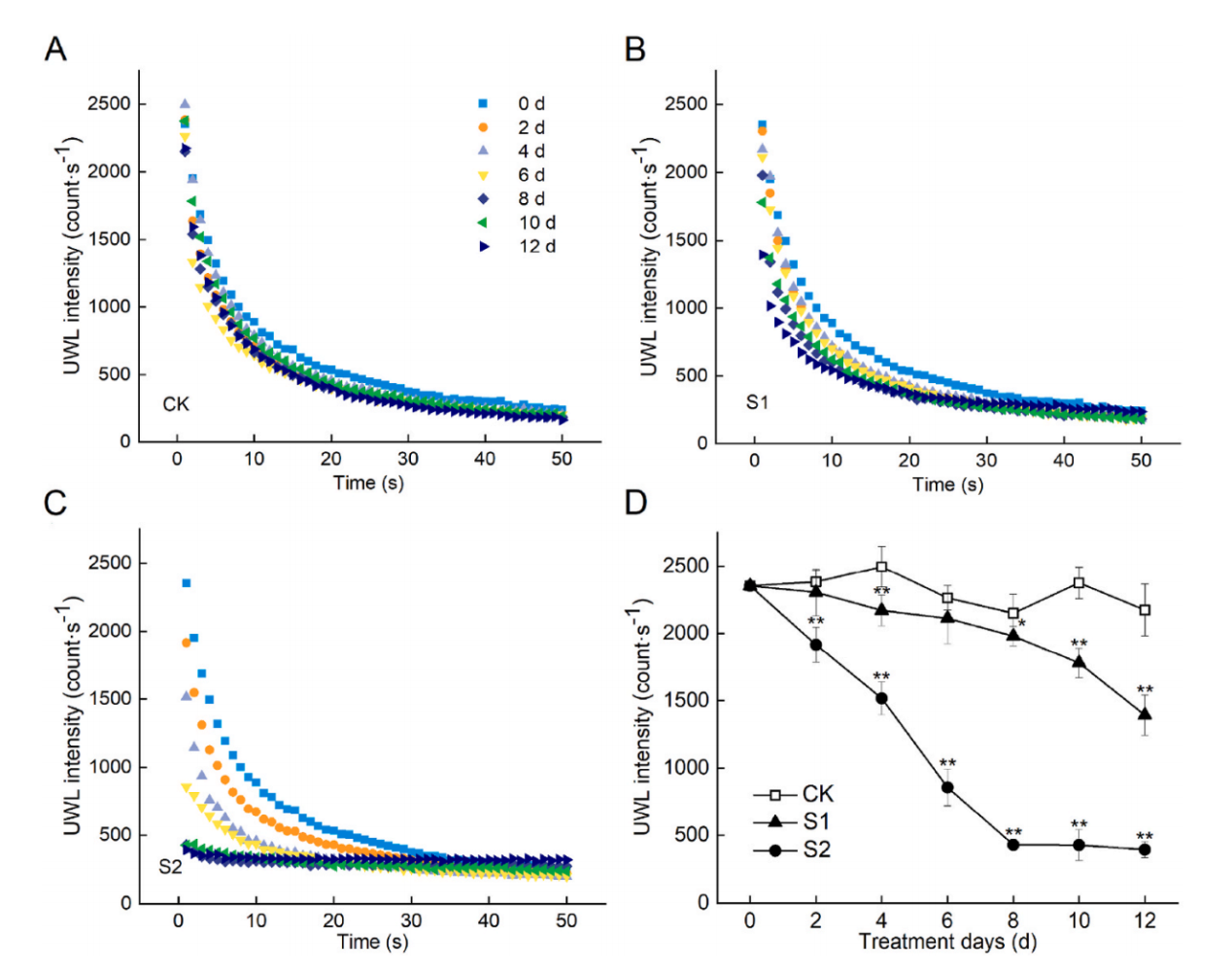 图盐胁迫下欧李叶片UWL的变化趋势
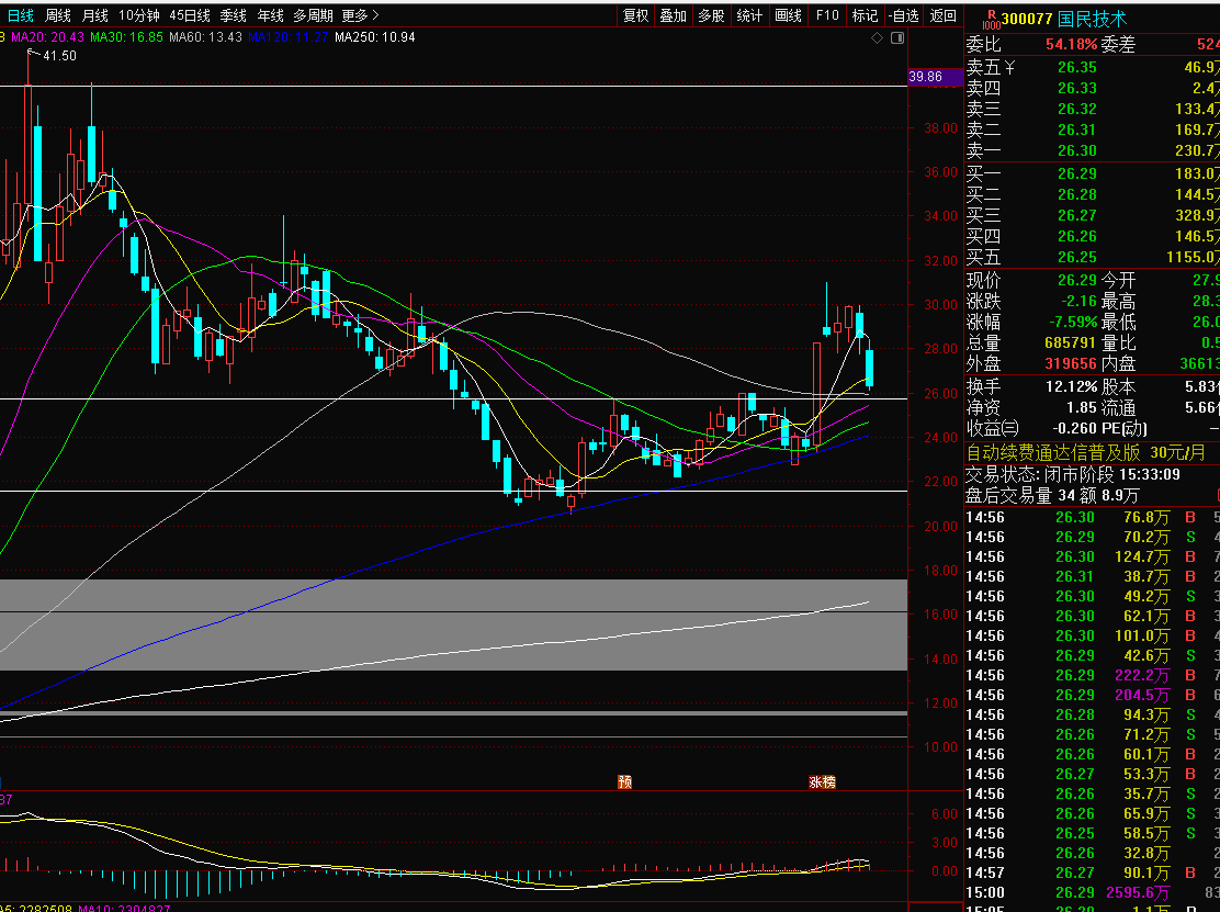 国民技术300077:国民今天早盘还好好的,但市场这么弱,想独善其身也有点难,不出意外国民也随市场回落了,不过好在下方26的年线支撑企稳了,没有跌破,被市场错杀,目前连续调整两天,又在支撑附近,市场在两会期间急跌以前也出现过,很快会补涨拉升回去,一旦下周补涨,那么国民有希望支持企稳反包,创业板涨起来也快,所以在等几天,看下周能否反包再说。而且支撑也不破拿拿先。
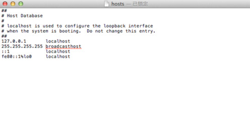 第四步、雙擊打開“Hosts”文件,內容如下,你會發現其實Mac OS系統的Hosts文件和Windows系統的Hosts文件其實一個樣,按照你的需求修改就可以了。
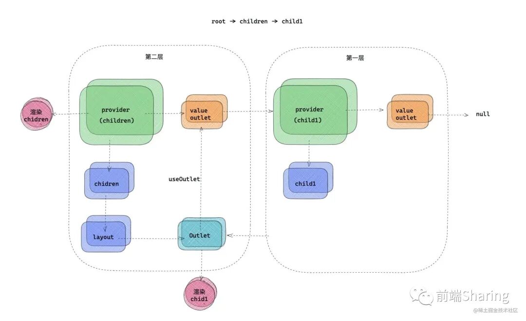 1 首先通过 provider 包裹 child1,那么 child1 真正需要渲染的内容 Child1 组件 ,将被当作 provider 的 children,最后把当前 provider 返回,child1 没有子路由,所以第一层 outlet 为 null。
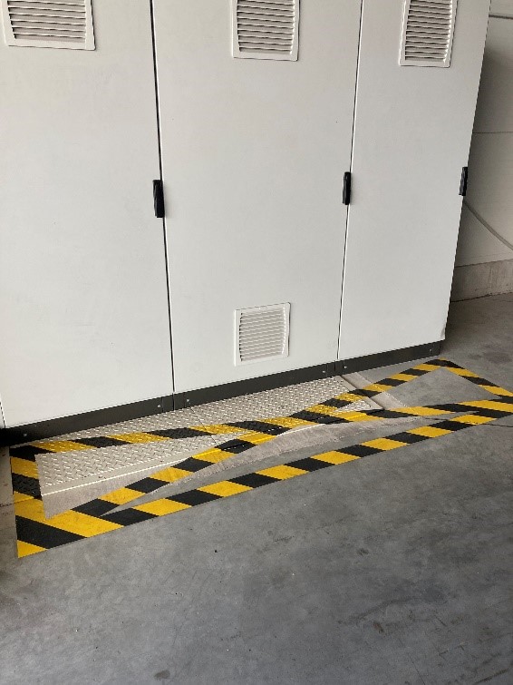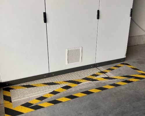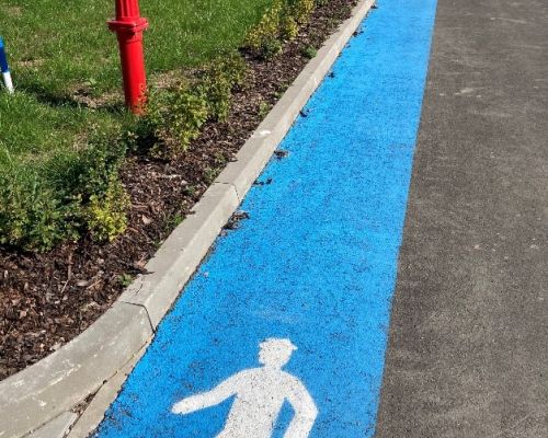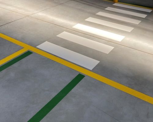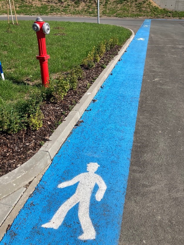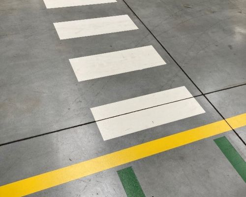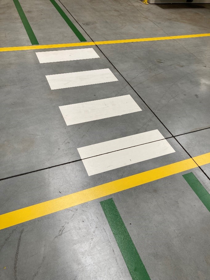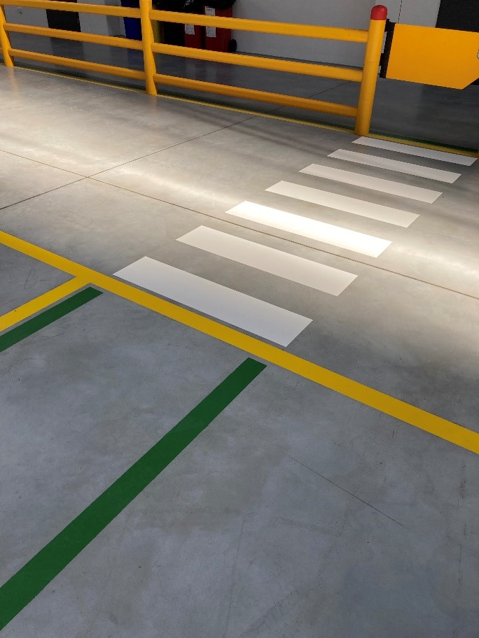 několik kilometrů žlutých a zelených čar, přechodů, označení prostorů před rozvaděči a nakreslení panáčků na cestu ve venkovních prostorách firmy
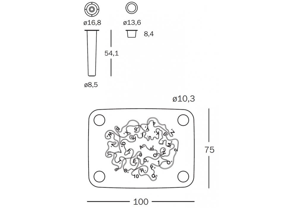 Piano inMDF rivestito di foglia polimerica bianco forato per l'alloggiamento delle vaschette portapenne arancioni e 4 gambe in policarbonato trasparente neutro. Spessore 60 cm.
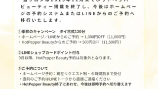 サロンのお知らせ ホームページは即時予約で、よりスムーズになりました ホームページからのご予約は 11/10より【即時予約】 に対応いたしました。ご予約がよりスムーズになりました✨これまでの... 2025.11.13 サロンのお知らせ
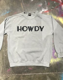 "Howdy" Sweatshirt with felt lettering Crewneck sweatshirt Soft, vintage feel heather grey body Hand sewn custom felt lettering Howdy lettering in black felt Unisex sizing Hand crafted in Long Beach,...
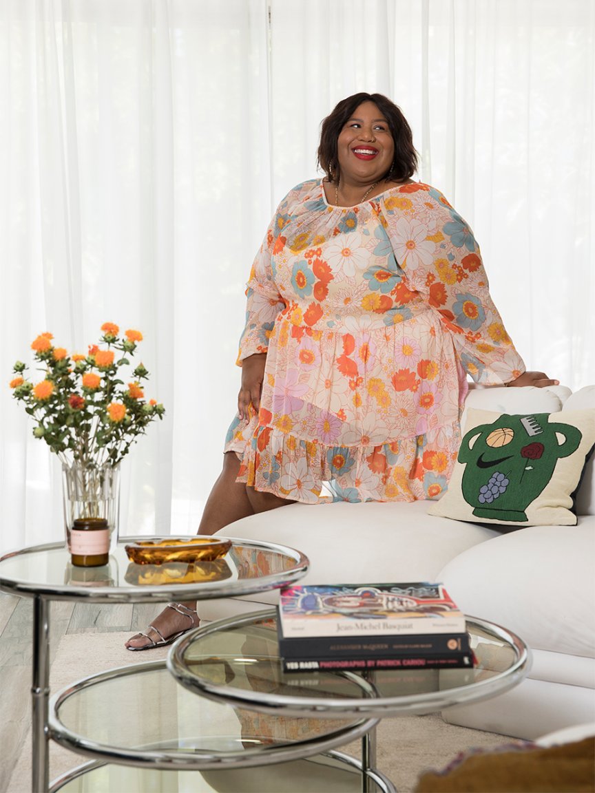 Marble, metal, suede…there are so many different materials in Brown’s home that, even if they are in neutrals, they still feel impactful. “I approach texture and scale the same way I do with getting dressed,” she says. “I have a pretty deep understanding of what it means to add color, proportion, and texture to elevate an outfit—especially being plus-size, where you really have to fight for style.”
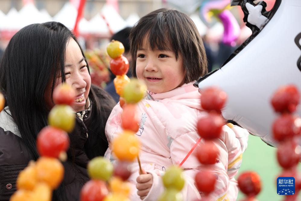 家长和孩子在年货大集上挑选糖葫芦(1月19日摄)。
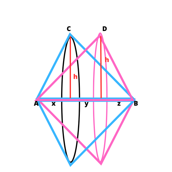W tym zadaniu musisz wykazać, że objętości brył otrzymanych w wyniku obrotu trójkątów wokół prostej AB są równe, wiedząc, że trójkąty na rysunku mają równe wysokości.
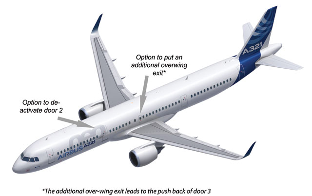 新オプションでは主翼上部の位置に非常口ドアを追加することで座席数の上限を拡大。このオプションに加え、ラバトリー(化粧室)の配置を変更することで客室後部スペースを有効活用する客室レイアウト「Space-Flex」を導入することで従来の最大座席数220席に16席を追加し、最大236席を備えることが可能になった。エアバスによると、シートマイルコストを約5%削減できるという。
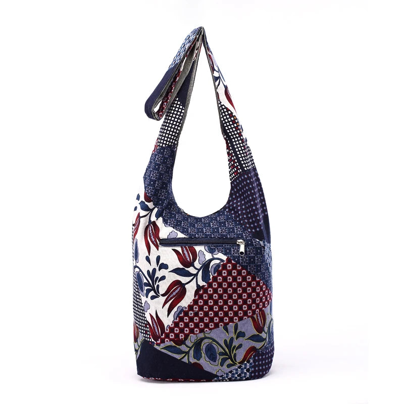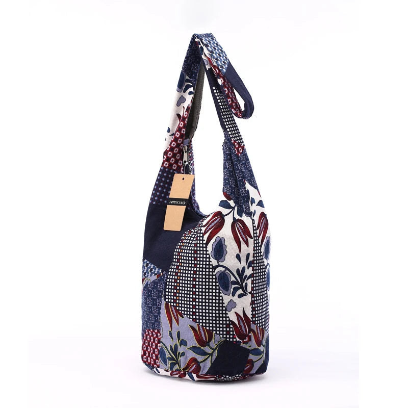 Stay stylish and organized with this versatile cotton fabric shoulder bag featuring a beautiful elephant print design. It offers a large capacity and comes with an adjustable strap for added convenience.
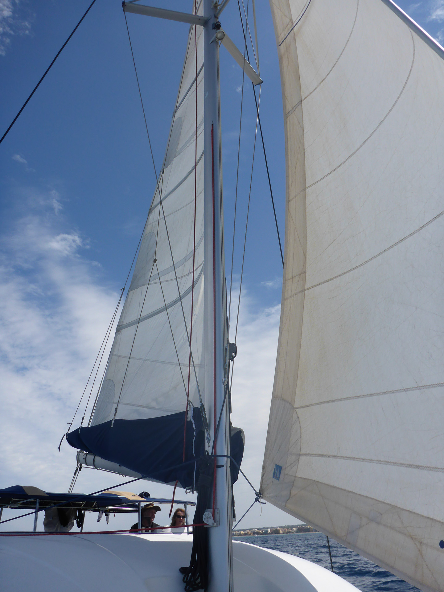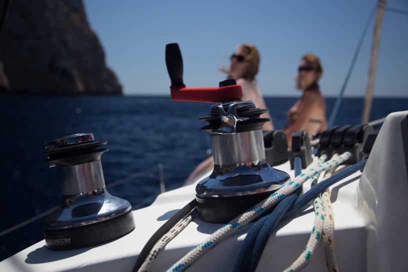 We cautiously manoeuvred the boat away from the berth and out of the marina without making fools of ourselves. With the first test over we then motored well out of sight of the charter company before attempting to rig the main sail. There seemed to be an awful lot of ropes but somehow we got it all figured out and ended up actually sailing and with enough confidence to unfurl the gib.
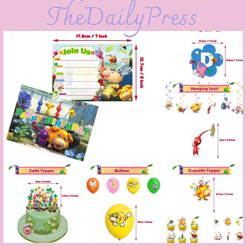 Pikmin-4 Birthday Party Decoration Set Paper Banner Balloons Cake Topper Cupcake Toppers And More!
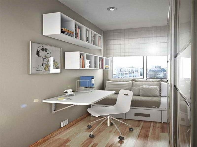Даже в крошечной комнате нашлась возможность совместить рабочую зону и зону отдыха. В ситуациях, когда пространства не хватает просто катастрофически, всегда выручают кровати-балконы, выдвижные ящики и мебель по индивидуальному заказу.
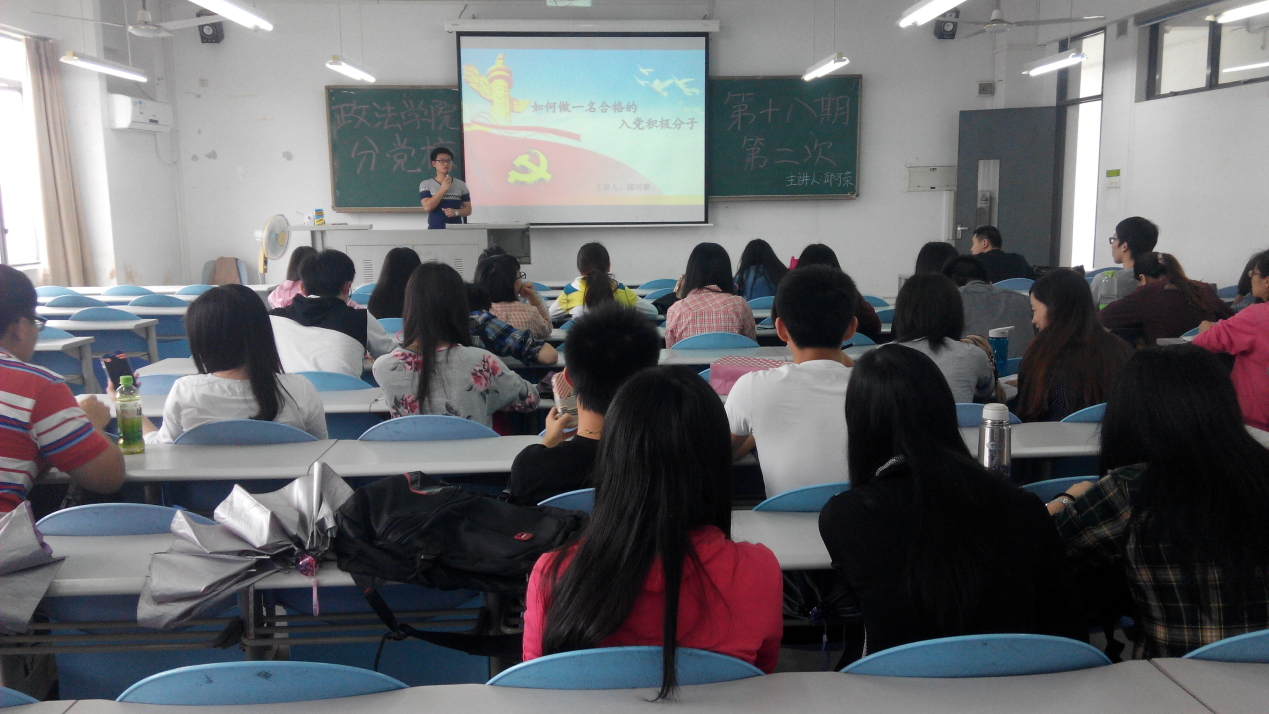 为提高公司入党积极分子的党性修养和思想觉悟,2014年5月8日下午3:00,政法公司分党校第十八期入党积极分子第二次培训课在6D401顺利进行,辅导员邱可荣担任授课老师。
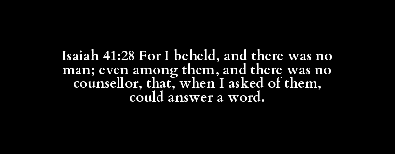 Isaiah 41:28 For I beheld, and there was no man; even among them, and there was no counsellor, that, when I asked of them, could answer a word.
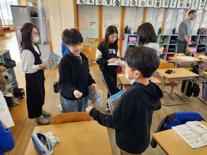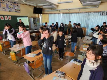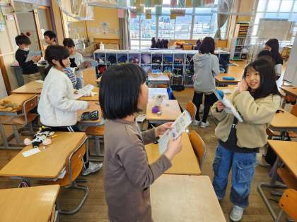 先生の指示通りに体の向きを変えたり、友達の好きな場所を尋ね合ったりして、英語に慣れ親しみました。
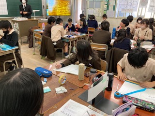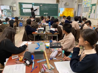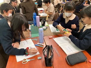 身の回りにある物の中から、水筒など円柱形のものを持ち寄り、円周と直径を調べました。そして、円周が直径の何倍になっているか計算しました。小数第2位までで表すと、大体3.14となることがわかりました。
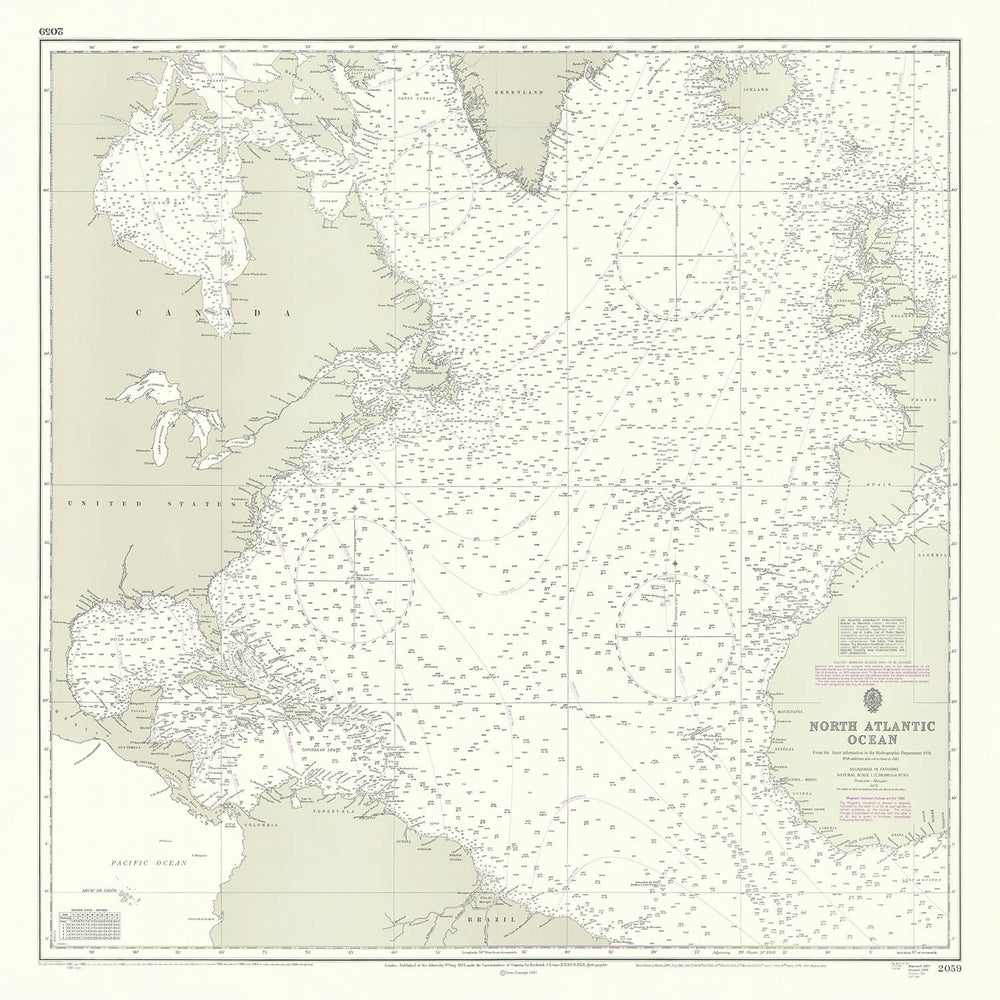 As a product of the British Admiralty—whose Hydrographic Office set the global standard for sea charts since the early nineteenth century—this edition embodies a cartographic language prized for its reliability and restraint. It bridges eras: conceived in the age of sail and steam, refined through the rise of modern merchant fleets, and still relevant on the cusp of satellite navigation. By uniting measured depths, codified symbols, and the accumulated habits of ocean travel, it offers not just a record of the North Atlantic but a framework for mastering it—linking the Atlantic coasts of Canada and the United States to Greenland, Bermuda, and the Azores in one coherent, navigable whole.
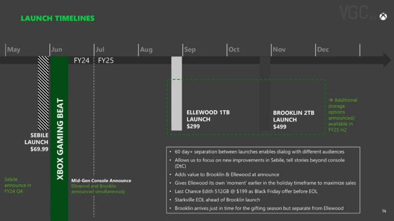 De acordo com outro slide, ‘Brooklin’ será lançado em novembro de 2024 com 2 TB de armazenamento pelo mesmo preço do atual Xbox Series X (US$ 499).
◇ ◇ ◇ ◇ ◇
TASK TO COMPLETE:
Look above and copy only the lines from the one holding "サロンのお知らせ ホームページは即時予約で、よりスムーズになりました ホームページからのご予約は" to the one holding "Pikmin-4 Birthday Party", both included, exactly, minus the pictures.

WORKED SOLUTION:
 サロンのお知らせ ホームページは即時予約で、よりスムーズになりました ホームページからのご予約は 11/10より【即時予約】 に対応いたしました。ご予約がよりスムーズになりました✨これまでの... 2025.11.13 サロンのお知らせ
 "Howdy" Sweatshirt with felt lettering Crewneck sweatshirt Soft, vintage feel heather grey body Hand sewn custom felt lettering Howdy lettering in black felt Unisex sizing Hand crafted in Long Beach,...
 Marble, metal, suede…there are so many different materials in Brown’s home that, even if they are in neutrals, they still feel impactful. “I approach texture and scale the same way I do with getting dressed,” she says. “I have a pretty deep understanding of what it means to add color, proportion, and texture to elevate an outfit—especially being plus-size, where you really have to fight for style.”
 家长和孩子在年货大集上挑选糖葫芦(1月19日摄)。
W tym zadaniu musisz wykazać, że objętości brył otrzymanych w wyniku obrotu trójkątów wokół prostej AB są równe, wiedząc, że trójkąty na rysunku mają równe wysokości.
 新オプションでは主翼上部の位置に非常口ドアを追加することで座席数の上限を拡大。このオプションに加え、ラバトリー(化粧室)の配置を変更することで客室後部スペースを有効活用する客室レイアウト「Space-Flex」を導入することで従来の最大座席数220席に16席を追加し、最大236席を備えることが可能になった。エアバスによると、シートマイルコストを約5%削減できるという。
 Stay stylish and organized with this versatile cotton fabric shoulder bag featuring a beautiful elephant print design. It offers a large capacity and comes with an adjustable strap for added convenience.
 We cautiously manoeuvred the boat away from the berth and out of the marina without making fools of ourselves. With the first test over we then motored well out of sight of the charter company before attempting to rig the main sail. There seemed to be an awful lot of ropes but somehow we got it all figured out and ended up actually sailing and with enough confidence to unfurl the gib.
 Pikmin-4 Birthday Party Decoration Set Paper Banner Balloons Cake Topper Cupcake Toppers And More!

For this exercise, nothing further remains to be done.